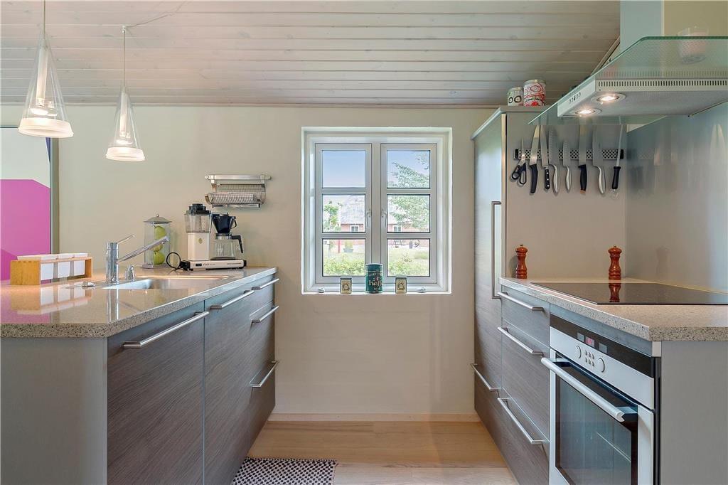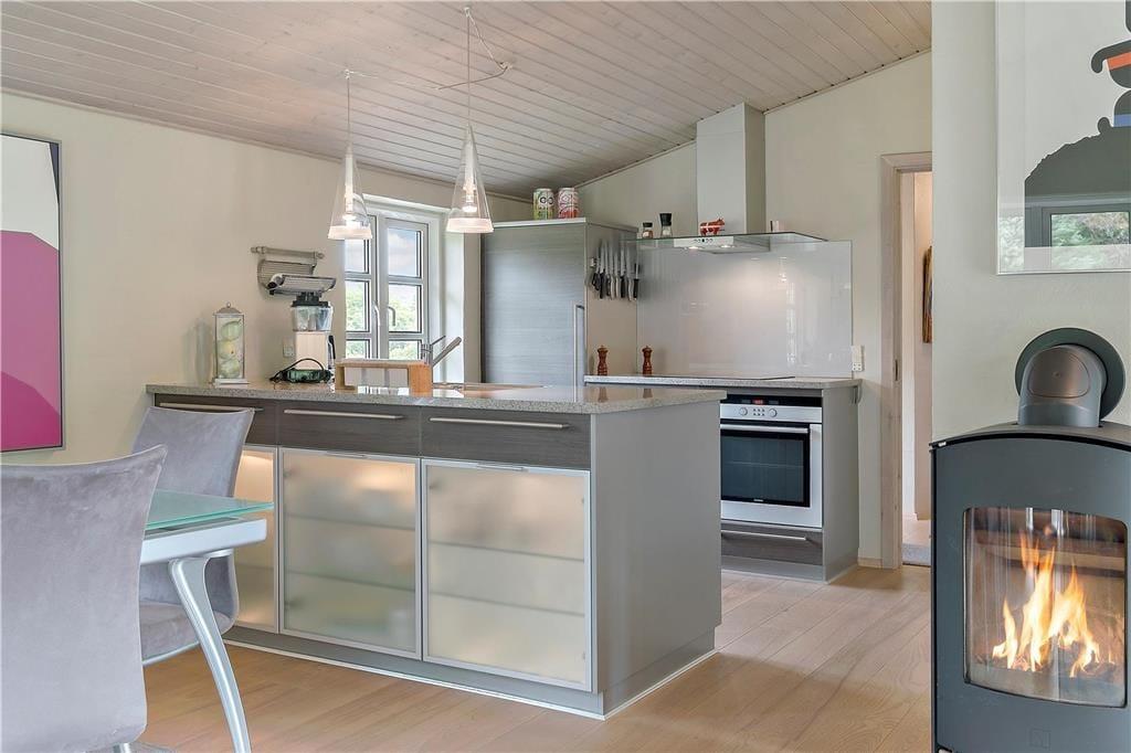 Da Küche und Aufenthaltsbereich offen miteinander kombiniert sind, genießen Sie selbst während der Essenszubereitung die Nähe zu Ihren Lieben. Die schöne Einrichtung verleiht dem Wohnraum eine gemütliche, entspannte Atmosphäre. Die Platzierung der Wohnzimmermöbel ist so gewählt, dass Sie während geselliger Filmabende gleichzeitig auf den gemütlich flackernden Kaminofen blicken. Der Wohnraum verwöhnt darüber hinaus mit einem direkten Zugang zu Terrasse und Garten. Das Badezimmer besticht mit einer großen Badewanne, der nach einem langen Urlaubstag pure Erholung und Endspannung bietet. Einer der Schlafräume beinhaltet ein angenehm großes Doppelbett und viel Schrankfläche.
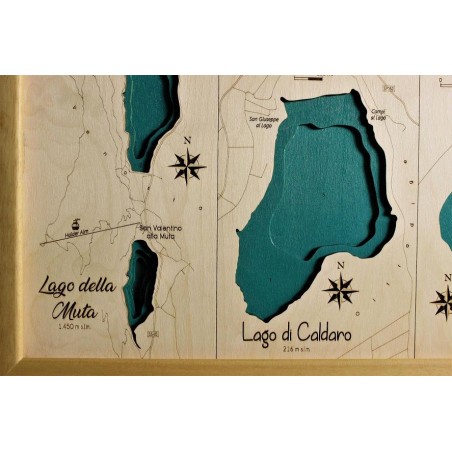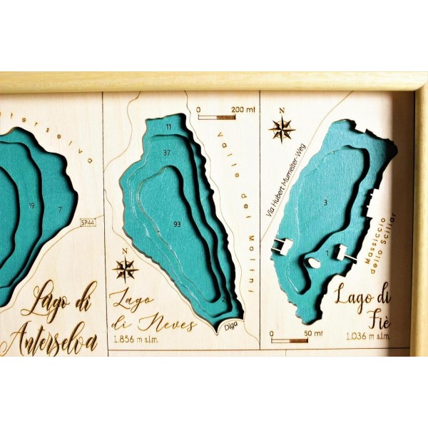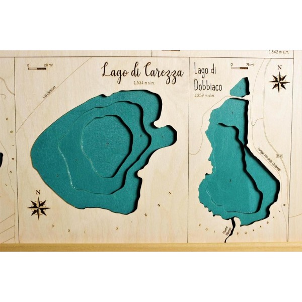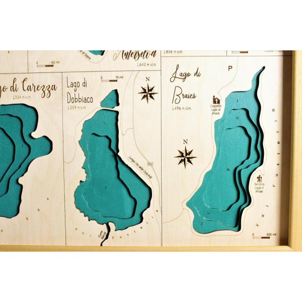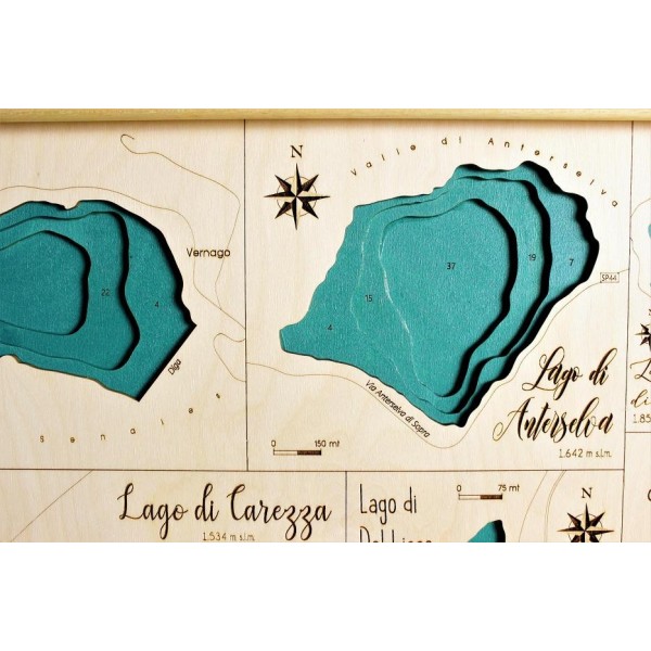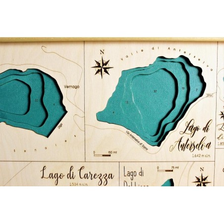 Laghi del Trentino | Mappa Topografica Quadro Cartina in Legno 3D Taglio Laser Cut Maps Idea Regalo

* * *

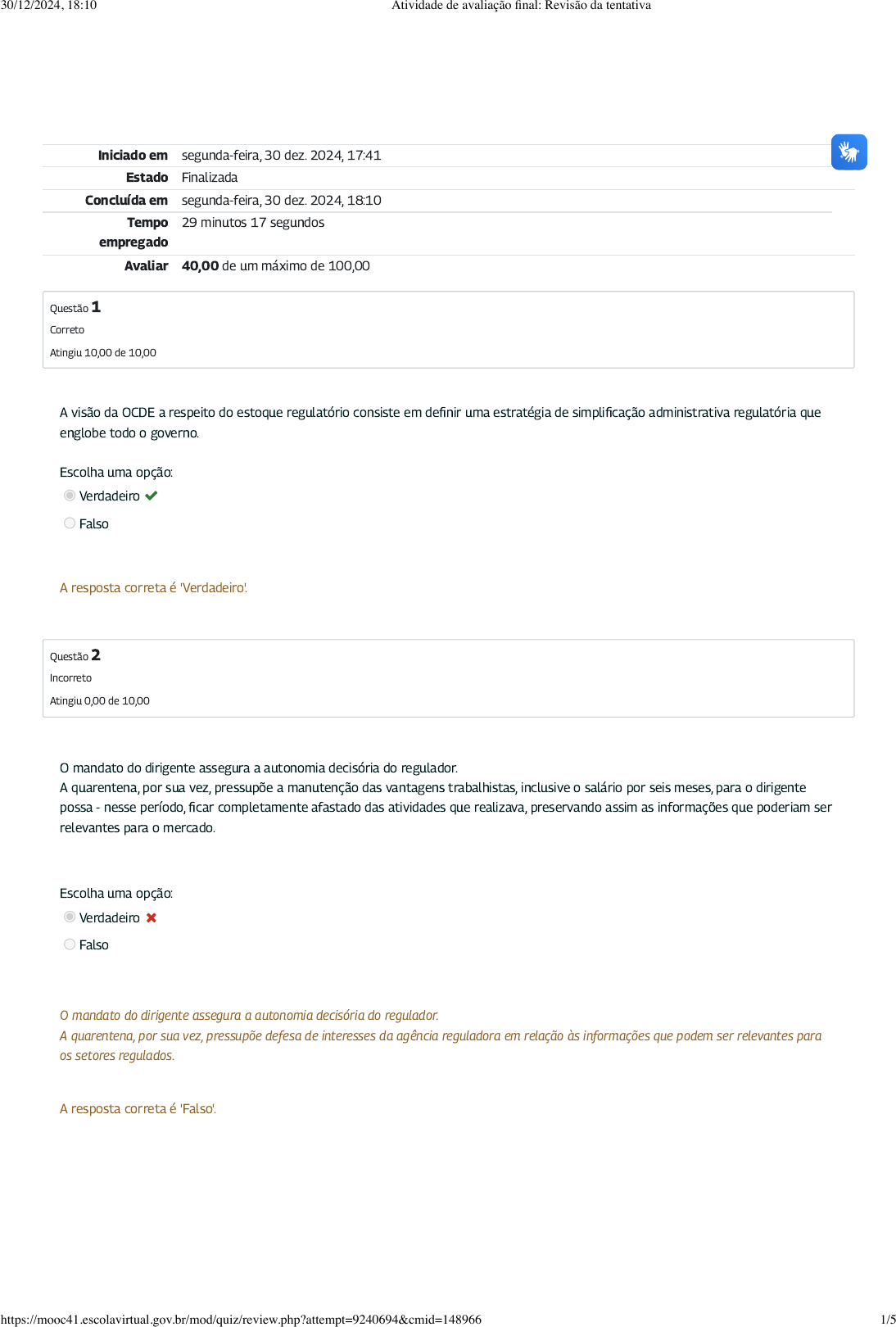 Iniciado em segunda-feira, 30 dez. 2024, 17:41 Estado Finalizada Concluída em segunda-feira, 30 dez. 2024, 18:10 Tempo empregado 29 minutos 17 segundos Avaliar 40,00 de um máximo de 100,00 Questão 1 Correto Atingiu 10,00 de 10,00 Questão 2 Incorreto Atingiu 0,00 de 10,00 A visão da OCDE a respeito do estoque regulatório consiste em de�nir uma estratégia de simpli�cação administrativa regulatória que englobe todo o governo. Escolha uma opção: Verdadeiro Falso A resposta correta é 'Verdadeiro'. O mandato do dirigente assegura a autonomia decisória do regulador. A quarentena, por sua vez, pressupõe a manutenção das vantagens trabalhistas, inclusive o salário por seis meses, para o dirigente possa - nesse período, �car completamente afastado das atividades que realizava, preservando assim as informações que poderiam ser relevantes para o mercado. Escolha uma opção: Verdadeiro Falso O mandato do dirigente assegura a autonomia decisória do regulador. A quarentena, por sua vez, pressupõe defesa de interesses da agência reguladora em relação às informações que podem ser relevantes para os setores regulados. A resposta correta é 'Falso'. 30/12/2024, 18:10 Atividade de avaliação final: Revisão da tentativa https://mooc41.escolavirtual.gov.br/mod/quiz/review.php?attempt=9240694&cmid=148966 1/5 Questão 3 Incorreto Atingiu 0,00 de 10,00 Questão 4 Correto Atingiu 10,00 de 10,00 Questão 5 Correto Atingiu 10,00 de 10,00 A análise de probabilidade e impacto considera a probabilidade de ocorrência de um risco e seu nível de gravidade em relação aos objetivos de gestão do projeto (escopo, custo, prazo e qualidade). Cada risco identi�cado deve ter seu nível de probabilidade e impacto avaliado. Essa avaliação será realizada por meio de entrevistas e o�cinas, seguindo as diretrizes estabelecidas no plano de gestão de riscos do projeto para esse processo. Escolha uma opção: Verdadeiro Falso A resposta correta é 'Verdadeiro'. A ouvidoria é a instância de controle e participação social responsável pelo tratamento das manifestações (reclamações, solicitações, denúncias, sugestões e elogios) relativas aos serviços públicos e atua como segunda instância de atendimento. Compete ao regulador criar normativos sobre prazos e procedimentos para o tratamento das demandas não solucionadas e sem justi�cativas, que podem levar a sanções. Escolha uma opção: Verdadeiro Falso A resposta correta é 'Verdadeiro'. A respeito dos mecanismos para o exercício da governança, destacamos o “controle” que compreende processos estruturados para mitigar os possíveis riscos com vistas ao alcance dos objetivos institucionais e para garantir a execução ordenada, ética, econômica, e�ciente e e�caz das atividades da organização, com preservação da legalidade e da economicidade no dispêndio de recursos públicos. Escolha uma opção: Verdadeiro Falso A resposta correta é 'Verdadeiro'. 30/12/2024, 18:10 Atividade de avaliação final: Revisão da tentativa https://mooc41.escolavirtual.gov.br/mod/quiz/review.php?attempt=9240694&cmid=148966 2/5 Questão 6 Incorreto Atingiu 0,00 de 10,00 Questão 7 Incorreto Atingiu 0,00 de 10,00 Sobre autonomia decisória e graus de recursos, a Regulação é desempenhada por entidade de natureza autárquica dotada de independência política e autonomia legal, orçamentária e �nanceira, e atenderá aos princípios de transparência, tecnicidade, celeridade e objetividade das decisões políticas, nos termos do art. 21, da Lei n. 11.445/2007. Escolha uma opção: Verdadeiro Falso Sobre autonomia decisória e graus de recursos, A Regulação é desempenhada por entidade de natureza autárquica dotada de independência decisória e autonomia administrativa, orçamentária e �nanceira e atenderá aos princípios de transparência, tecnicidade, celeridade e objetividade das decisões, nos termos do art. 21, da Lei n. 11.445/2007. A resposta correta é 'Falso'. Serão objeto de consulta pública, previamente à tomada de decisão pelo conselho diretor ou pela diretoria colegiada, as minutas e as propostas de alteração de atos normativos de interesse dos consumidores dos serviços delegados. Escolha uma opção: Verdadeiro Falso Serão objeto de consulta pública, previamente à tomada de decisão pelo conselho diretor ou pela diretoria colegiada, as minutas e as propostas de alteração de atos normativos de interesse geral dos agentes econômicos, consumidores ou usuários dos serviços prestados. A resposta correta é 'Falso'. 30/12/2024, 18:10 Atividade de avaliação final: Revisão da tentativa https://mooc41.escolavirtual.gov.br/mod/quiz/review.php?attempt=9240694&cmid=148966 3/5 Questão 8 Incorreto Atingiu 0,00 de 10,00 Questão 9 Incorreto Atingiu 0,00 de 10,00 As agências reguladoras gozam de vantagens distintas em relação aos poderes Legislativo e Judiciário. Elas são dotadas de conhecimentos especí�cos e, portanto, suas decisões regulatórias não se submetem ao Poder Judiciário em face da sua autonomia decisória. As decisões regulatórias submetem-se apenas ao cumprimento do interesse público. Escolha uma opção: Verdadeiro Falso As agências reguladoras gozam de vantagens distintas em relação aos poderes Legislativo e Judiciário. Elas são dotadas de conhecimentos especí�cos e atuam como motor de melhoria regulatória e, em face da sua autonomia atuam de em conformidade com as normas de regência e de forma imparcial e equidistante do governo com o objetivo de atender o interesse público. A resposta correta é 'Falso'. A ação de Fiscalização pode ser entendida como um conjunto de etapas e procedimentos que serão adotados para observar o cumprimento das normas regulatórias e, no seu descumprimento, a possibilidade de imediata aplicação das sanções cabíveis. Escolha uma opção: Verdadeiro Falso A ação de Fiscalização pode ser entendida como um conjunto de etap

--

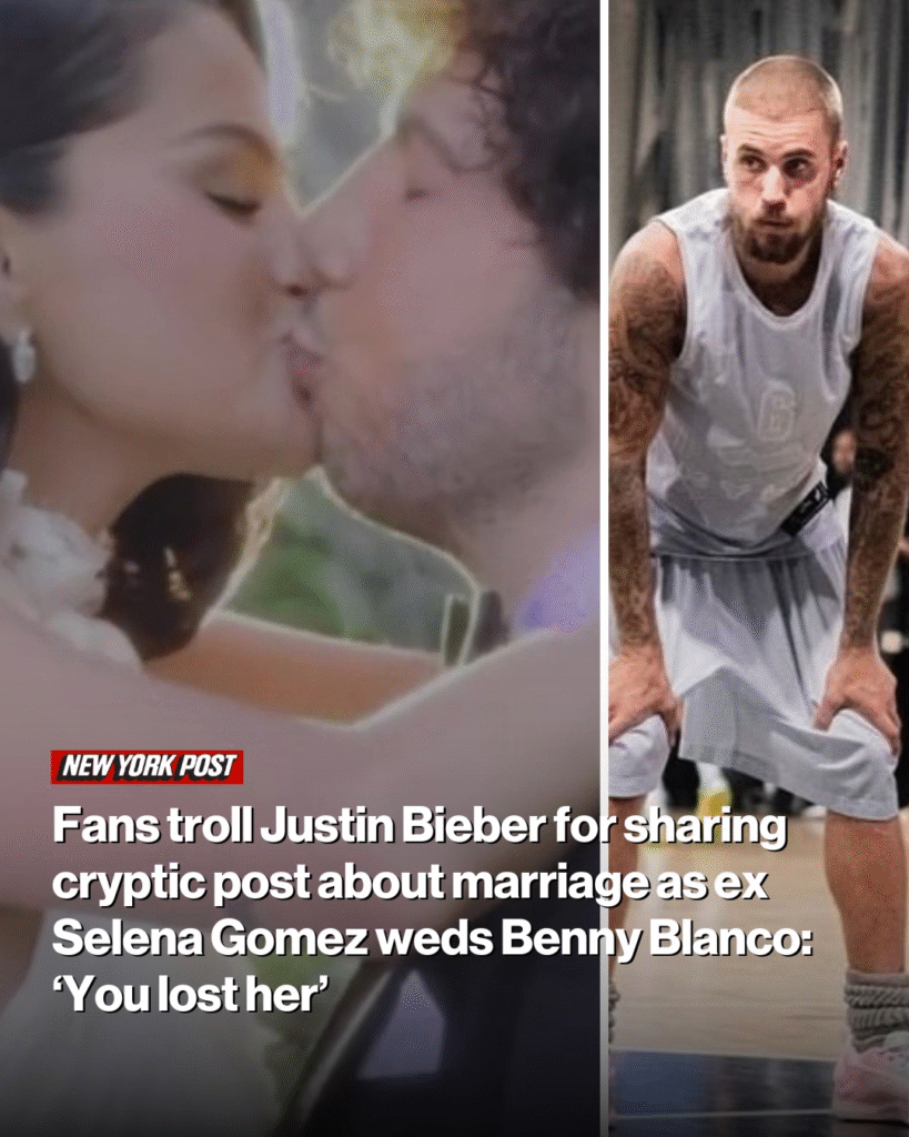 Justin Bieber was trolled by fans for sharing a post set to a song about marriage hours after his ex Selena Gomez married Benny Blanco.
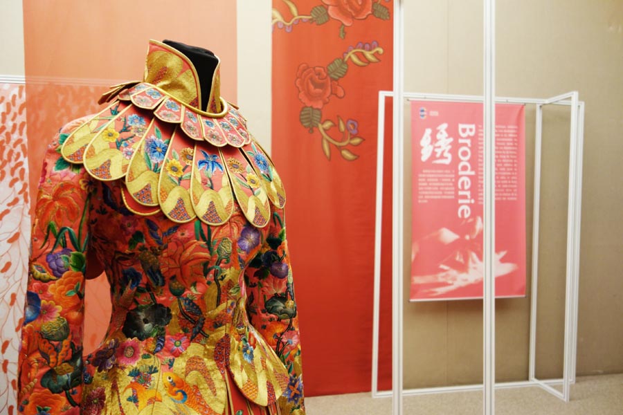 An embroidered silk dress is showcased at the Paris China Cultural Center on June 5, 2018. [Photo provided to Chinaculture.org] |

- [WHAT NEEDS TO BE DONE]: Every line above between the one containing "Da Küche und" and the one containing "Laghi del Trentino", those two included, is to be printed exactly. No pictures go into the copy.

- [ANSWER BOX]:
 Da Küche und Aufenthaltsbereich offen miteinander kombiniert sind, genießen Sie selbst während der Essenszubereitung die Nähe zu Ihren Lieben. Die schöne Einrichtung verleiht dem Wohnraum eine gemütliche, entspannte Atmosphäre. Die Platzierung der Wohnzimmermöbel ist so gewählt, dass Sie während geselliger Filmabende gleichzeitig auf den gemütlich flackernden Kaminofen blicken. Der Wohnraum verwöhnt darüber hinaus mit einem direkten Zugang zu Terrasse und Garten. Das Badezimmer besticht mit einer großen Badewanne, der nach einem langen Urlaubstag pure Erholung und Endspannung bietet. Einer der Schlafräume beinhaltet ein angenehm großes Doppelbett und viel Schrankfläche.
 Laghi del Trentino | Mappa Topografica Quadro Cartina in Legno 3D Taglio Laser Cut Maps Idea Regalo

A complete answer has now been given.